Furthermore, by acquiring the patient's usual blood flow data (base blood flow data) before administering the vasodilator, changes in blood flow data due to the vasodilator or renal denervation may be eliminated. As a result, it is possible to acquire reference data (usual blood flow data) for more accurate evaluation of an outcome of renal denervation.

A method for evaluating an outcome of renal denervation according to an embodiment comprises the steps of acquiring first blood flow data from a first region in a renal blood vessel after a vasodilator injected into the first region is activated in a second region in the renal blood vessel; and acquiring second blood flow data from the first region after renal denervation is performed with a catheter for denervation.

The method may further comprise the step of comparing the first blood flow data and the second blood flow data.

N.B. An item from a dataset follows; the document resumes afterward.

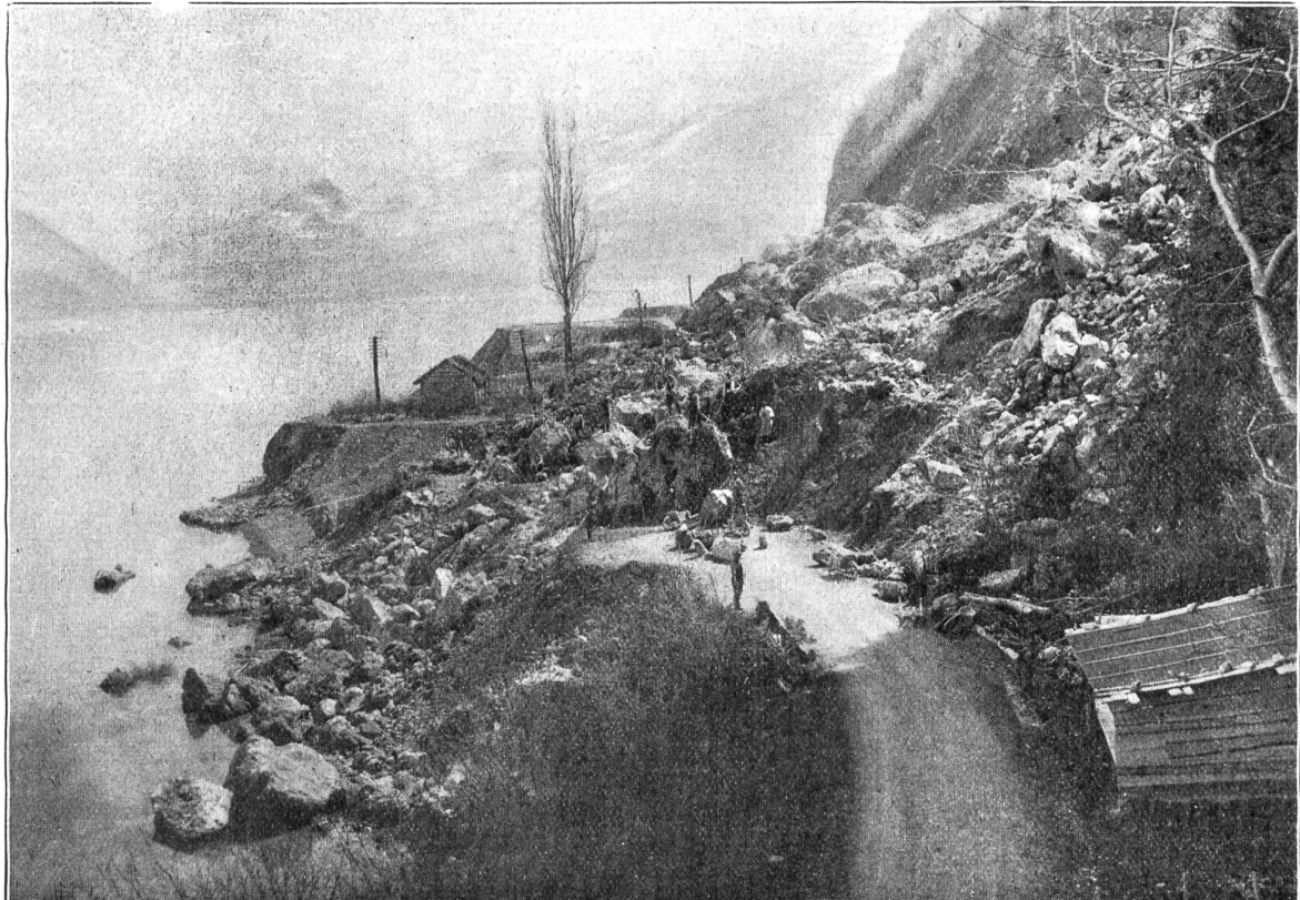
Der Bergrutsch zwischen Faulensee und Leissigen am Thunersee.

In Anbetracht der gegenwärtigen Lage hat das Armeekommando die Aufhebung folgender 14 Preßkontrollbureaux vom 1. Mai abhin verfügt: Lausanne, Neuenburg, Freiburg, Bern, Biel, Aarau, Solothurn, Luzern, Zürich, Win-

The renal denervation may be evaluated according to a result of the comparison of the first blood flow data and the second blood flow data.

If the comparison result is lower than a predetermined threshold, the step of re-performing renal denervation may be repeated.

The method may further comprise the steps of calculating a first difference value representing a difference value between the first blood flow data and base blood flow data; calculating a second difference value representing a difference between the second blood flow data and the base blood flow data; and comparing the first difference value and the second difference value.

An outcome of the renal denervation may be evaluated according to a result of the comparison of the first difference value and the second difference value.

If the comparison result is lower than a predetermined threshold, the step of re-performing renal denervation may be repeated.

The base blood flow data may be acquired before injecting the vasodilator, or between the step of acquiring the first blood flow data and the step of performing the renal denervation.

Base blood flow data or the second blood flow data may be acquired when a half-life has elapsed after the vasodilator is injected into the first region.

The second region may be a renal arteriole or renal capillary.

The vasodilator may include any one of dopamine, dobutamine, adenosine, prostacyclin, nitric oxide, bradykinin, papaverine, dipyridamolum, diuretin, theophylline, minoxidil, and isosorbide.

A device for evaluating an outcome of renal denervation according to an embodiment may be configured to comprise a first input unit that inputs first blood flow data acquired from a first region in a renal blood vessel after a vasodilator injected into the first region is activated in a second region; and a second input unit that inputs second blood flow data acquired from the first region after renal denervation is performed with a catheter.

The device may further comprise a first calculation unit that calculates a ratio between the first blood flow data input by the first input unit and the second blood flow data input by the second input unit.

The device may further comprise an evaluation unit that evaluates an outcome of renal denervation by comparing the ratio between the first blood flow data and the second blood flow data calculated by the first calculation unit with a first threshold value.

The device may further comprise a third input unit that inputs base blood flow data from the first region before injection of the vasodilator.

The device may further comprise a second calculation unit that calculates a ratio between a first difference value and a second difference value, wherein the first difference value may be a difference value between the first blood flow data and the base blood flow data, and the second difference value may be a difference value between the second blood flow data and the base blood flow data.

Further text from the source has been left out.